Between Facebook, Instagram, Pinterest, BabyCenter and the many blogs there are to read out there, there's a plethora of information available on How to Raise Your Kids Right. While I know that overall the information probably just makes me a more informed and possibly less freakish Mom-- I also can see how some Moms might feel--- well, like underachievers.
If you're not pinning cute crafts, snapping adorable photos or Thinking About Their Future (choosing a preschool), then you have surely missed the Mommy information train to Super Parent-ville.
Like I said in my post about Facebook, parenting in the Age of Social Media should not be a contest. Sometimes it might feel that way because of the cute crafternoon someone had (yes, I know, the word makes me vomit too) or the ahh-mazing Disney vacation album you just spent 15 minutes viewing online.
You see, it's not just that we have more choices of what to buy for our kids and do for our kids, it's that we are receiving more messages than ever of how to parent. And, quite possibly, the helicopter parent herself was born from this information overload. Plagued with the notion that You Can Never Do Enough: Even if You Try.
But, if that's what we take away from the social media barrage of parenting information, then we have missed the point. The information is available to us because somewhere along the way, information became parenting commerce. The more you have, the better you will become. But, I only need to spend about 45 minutes with my two stir crazy toddlers to realize that it's kids who teach parents, not parents who teach parents. There are no true secrets. There's trial and error, good luck and lots of love. That's really all we can work with. Maybe reading a blog about the terrible two's can help you to survive them, but you will never read something that makes you a better Mom. You can try all the S's from Happiest Baby on the Block but we all know, the baby decides when he sleeps, you don't.
Parenting in the age of social media might seem easier. All the tools we need are right there-- searchable, in black and white on our computer screens. But what is harder is that with all those expectations, all those Facebook statuses, all those blog posts, all those Pinterest pinboards, we have started to look at parenting as more of a science and less of an art. An art that we have all been capable of ever since we made the decision to become parents (or nature decided for us ;).

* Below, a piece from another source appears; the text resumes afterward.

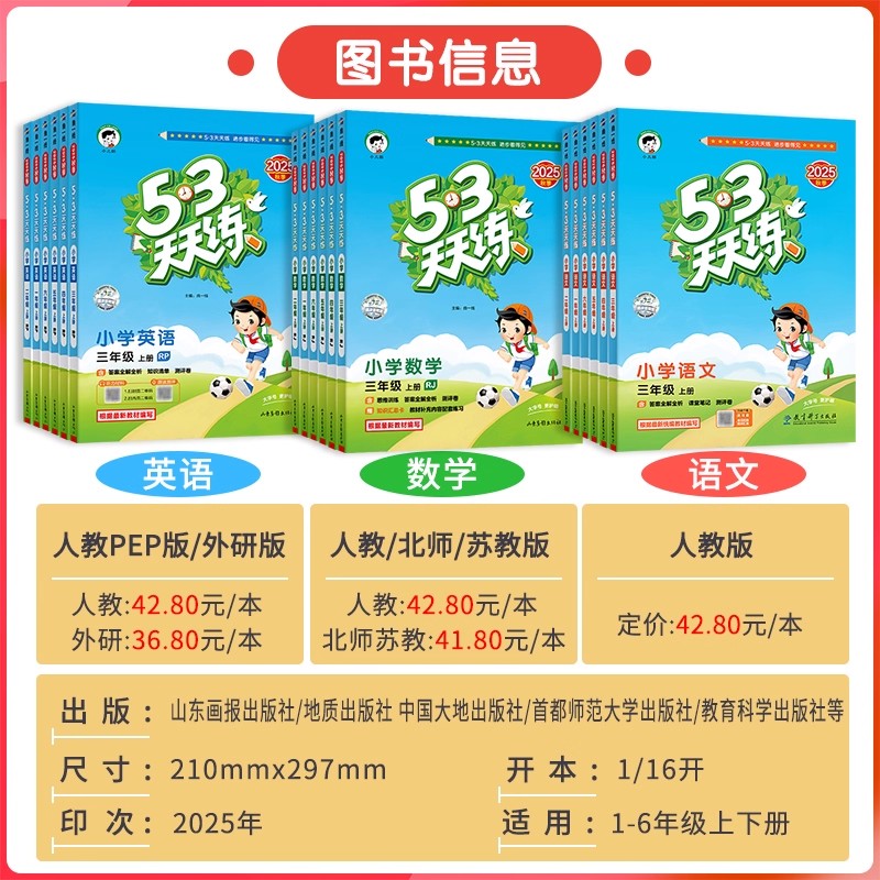 2025秋版 3课本书同步训练 53天天练一二三四年级五六年级上册下册语文数学英语人教苏教北师大冀教西师青岛译林小学5.3五三天天练5

So, as artists, I challenge you to navigate this well of information with aplomb. You are not a parent who makes decisions based on what some Baby Center message board tells you. You are a real, live, breathing, parent. Your medium is not Pinterest or Babble or Motherlode. Your canvas is in your 18 month old's repetition of "Hi Baybee, hi baybee," as you take a road trip. Your paintbrush is in the exclamation from your toddler, "I did it all by myself!" It's in the hushed words you exchange about how to handle the latest tantrums with your husband. It's in the private look you share when one of them says something particularly adorable and baby-genius like. It's in the parenting part of parenting. That's the art.
And, I'm sorry, no books, or blogs or pinboards or will tell you that.